Stored dataset items
------------------------------------------------------------
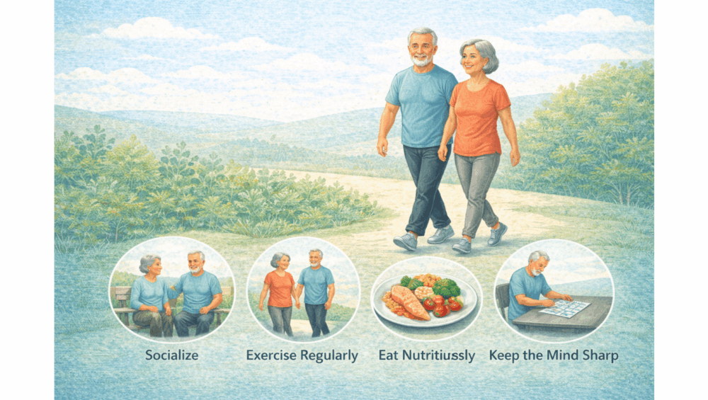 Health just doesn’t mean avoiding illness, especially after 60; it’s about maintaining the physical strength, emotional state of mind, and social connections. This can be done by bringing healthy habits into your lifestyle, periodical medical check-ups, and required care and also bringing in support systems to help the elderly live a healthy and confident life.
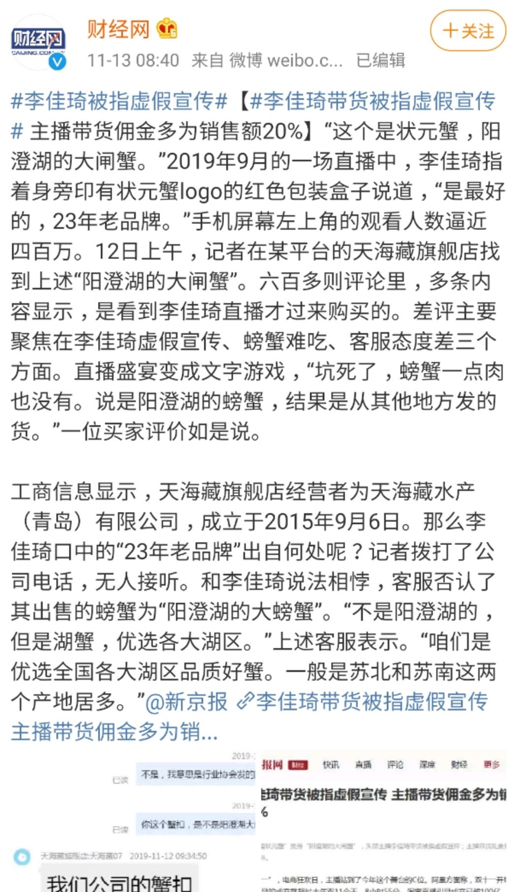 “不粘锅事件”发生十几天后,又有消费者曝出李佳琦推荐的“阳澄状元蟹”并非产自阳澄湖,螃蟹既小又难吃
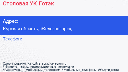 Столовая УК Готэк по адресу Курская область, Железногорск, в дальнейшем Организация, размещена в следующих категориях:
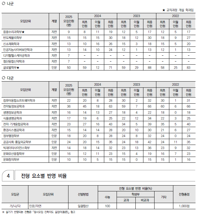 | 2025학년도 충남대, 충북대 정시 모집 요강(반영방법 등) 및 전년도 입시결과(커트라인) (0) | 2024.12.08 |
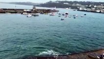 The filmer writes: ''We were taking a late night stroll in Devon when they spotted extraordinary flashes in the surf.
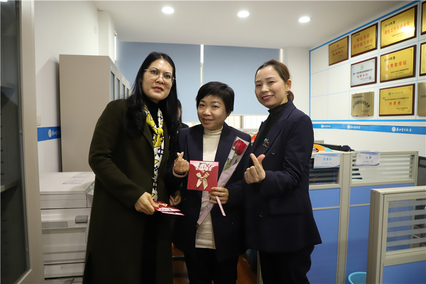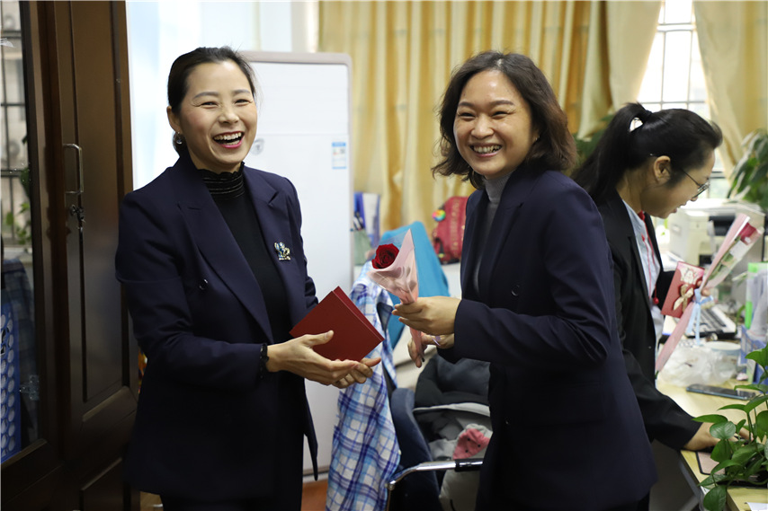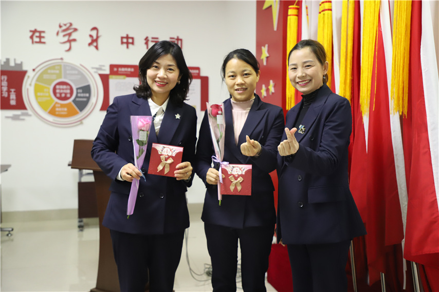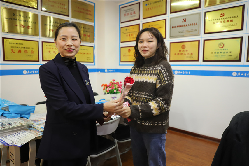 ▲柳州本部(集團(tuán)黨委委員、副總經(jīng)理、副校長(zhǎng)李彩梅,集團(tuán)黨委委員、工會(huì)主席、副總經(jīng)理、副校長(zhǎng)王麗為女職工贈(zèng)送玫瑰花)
------------------------------------------------------------
WHAT YOU WILL DO -
Would you restate all of the data above word for word, omitting the pictures?

SOLUTION FOR THIS PROBLEM -
 Health just doesn’t mean avoiding illness, especially after 60; it’s about maintaining the physical strength, emotional state of mind, and social connections. This can be done by bringing healthy habits into your lifestyle, periodical medical check-ups, and required care and also bringing in support systems to help the elderly live a healthy and confident life.
 “不粘锅事件”发生十几天后,又有消费者曝出李佳琦推荐的“阳澄状元蟹”并非产自阳澄湖,螃蟹既小又难吃
 Столовая УК Готэк по адресу Курская область, Железногорск, в дальнейшем Организация, размещена в следующих категориях:
 | 2025학년도 충남대, 충북대 정시 모집 요강(반영방법 등) 및 전년도 입시결과(커트라인) (0) | 2024.12.08 |
 The filmer writes: ''We were taking a late night stroll in Devon when they spotted extraordinary flashes in the surf.
 ▲柳州本部(集團(tuán)黨委委員、副總經(jīng)理、副校長(zhǎng)李彩梅,集團(tuán)黨委委員、工會(huì)主席、副總經(jīng)理、副校長(zhǎng)王麗為女職工贈(zèng)送玫瑰花)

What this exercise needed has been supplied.